▶ _Information given_
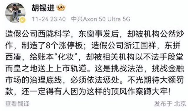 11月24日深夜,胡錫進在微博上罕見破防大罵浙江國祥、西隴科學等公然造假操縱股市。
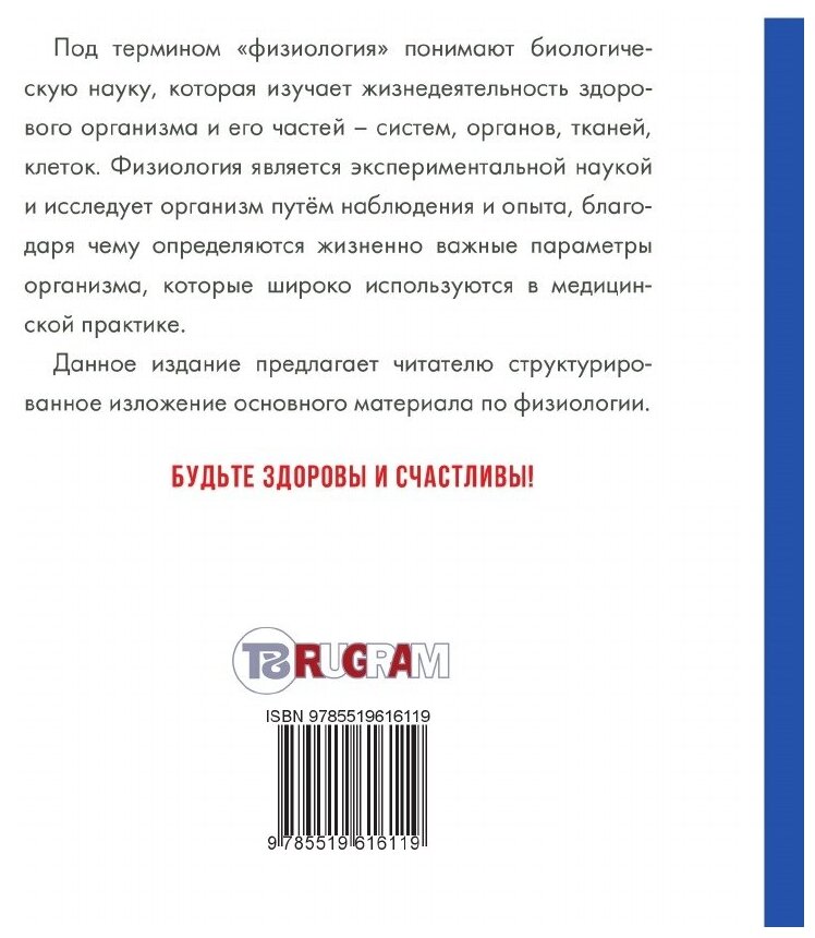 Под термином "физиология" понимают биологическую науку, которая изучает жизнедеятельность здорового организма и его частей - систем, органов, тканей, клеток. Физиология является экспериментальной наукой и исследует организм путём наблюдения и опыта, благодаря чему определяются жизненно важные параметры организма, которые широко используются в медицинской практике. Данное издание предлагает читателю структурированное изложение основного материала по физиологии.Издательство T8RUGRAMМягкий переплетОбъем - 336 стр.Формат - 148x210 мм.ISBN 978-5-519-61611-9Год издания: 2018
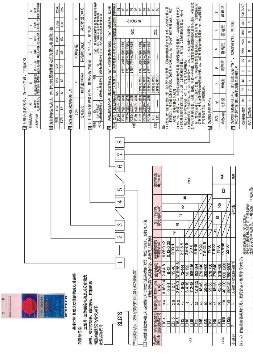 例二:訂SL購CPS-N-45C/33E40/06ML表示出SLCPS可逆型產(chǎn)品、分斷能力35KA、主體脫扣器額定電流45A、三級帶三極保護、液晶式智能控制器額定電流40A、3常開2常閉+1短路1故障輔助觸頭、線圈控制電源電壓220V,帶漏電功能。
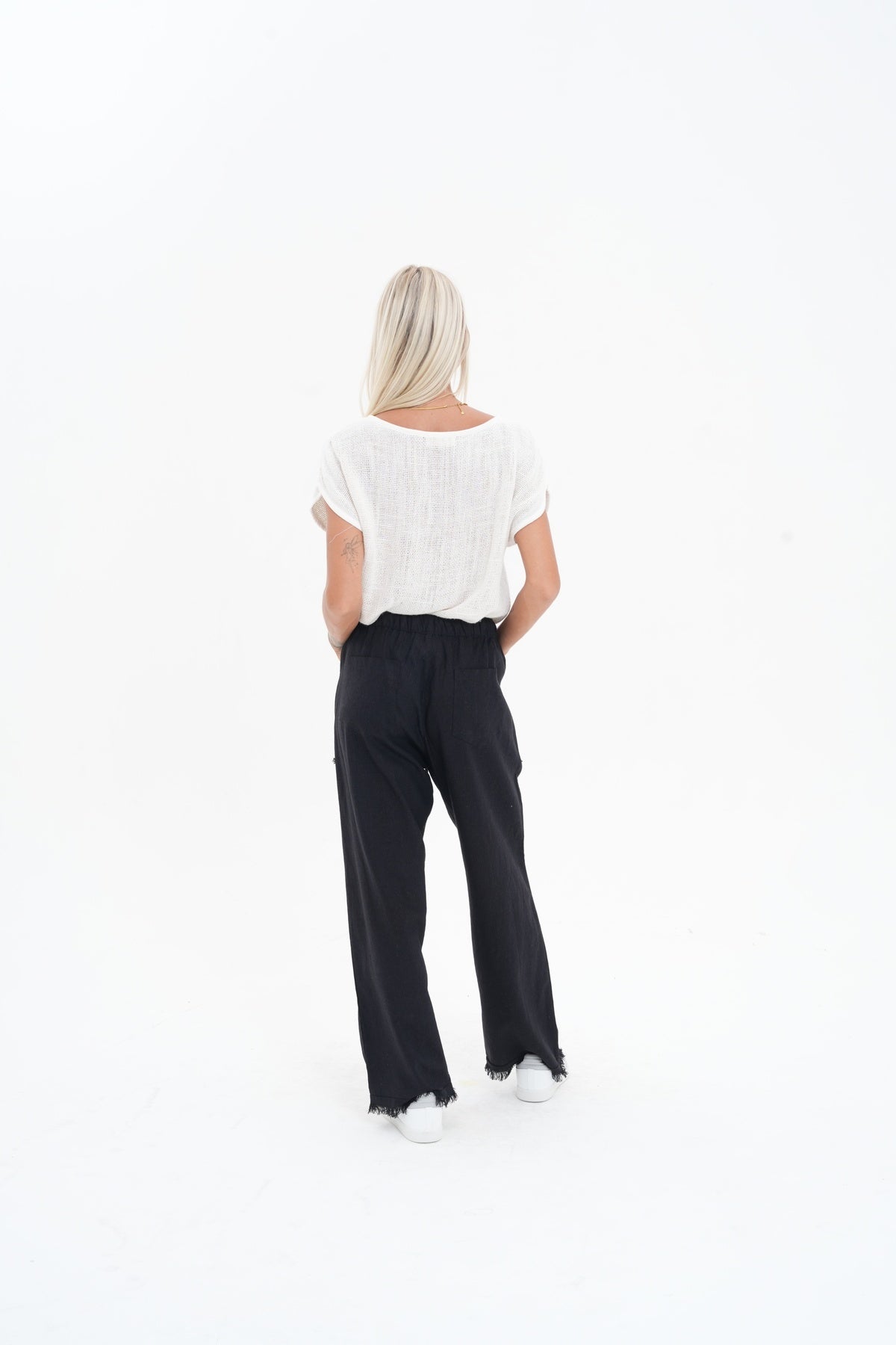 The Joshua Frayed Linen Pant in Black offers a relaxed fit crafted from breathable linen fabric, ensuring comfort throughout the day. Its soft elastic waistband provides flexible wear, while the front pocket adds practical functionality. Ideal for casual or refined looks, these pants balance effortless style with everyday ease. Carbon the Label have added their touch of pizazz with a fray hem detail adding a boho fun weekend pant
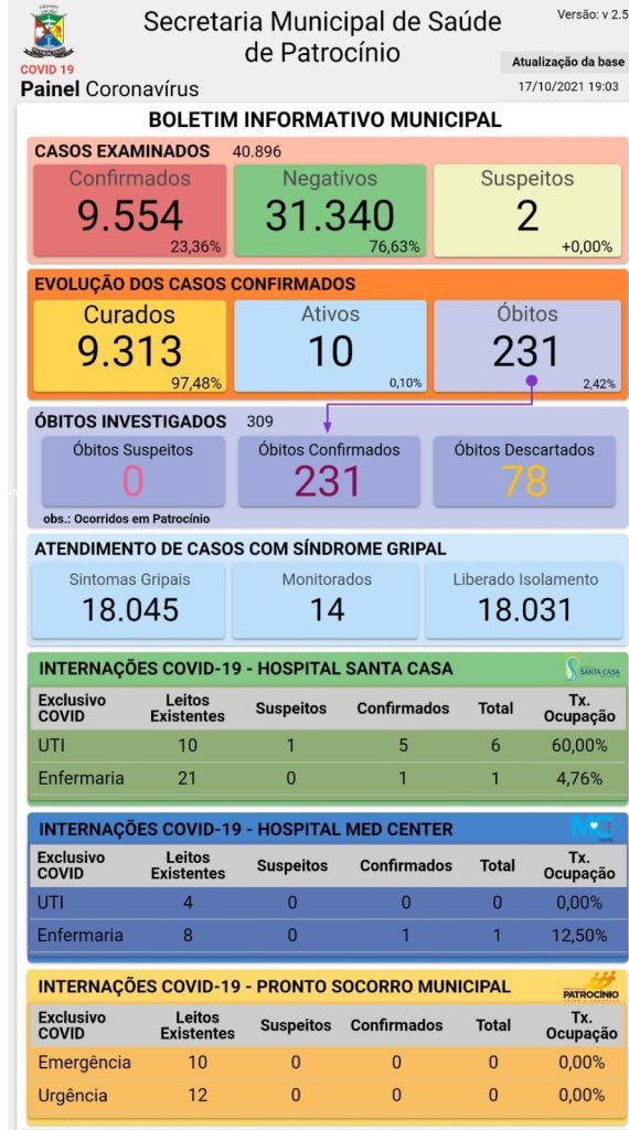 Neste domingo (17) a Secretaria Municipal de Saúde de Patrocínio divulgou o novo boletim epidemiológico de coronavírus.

▶ _Exercise_
Quote exactly the lines from the one that contains "例二:訂SL購CPS-N-4" through the end of the listing above, both ends included, leaving out the pictures.

▶ _Solution to this problem_
 例二:訂SL購CPS-N-45C/33E40/06ML表示出SLCPS可逆型產(chǎn)品、分斷能力35KA、主體脫扣器額定電流45A、三級帶三極保護、液晶式智能控制器額定電流40A、3常開2常閉+1短路1故障輔助觸頭、線圈控制電源電壓220V,帶漏電功能。
 The Joshua Frayed Linen Pant in Black offers a relaxed fit crafted from breathable linen fabric, ensuring comfort throughout the day. Its soft elastic waistband provides flexible wear, while the front pocket adds practical functionality. Ideal for casual or refined looks, these pants balance effortless style with everyday ease. Carbon the Label have added their touch of pizazz with a fray hem detail adding a boho fun weekend pant
 Neste domingo (17) a Secretaria Municipal de Saúde de Patrocínio divulgou o novo boletim epidemiológico de coronavírus.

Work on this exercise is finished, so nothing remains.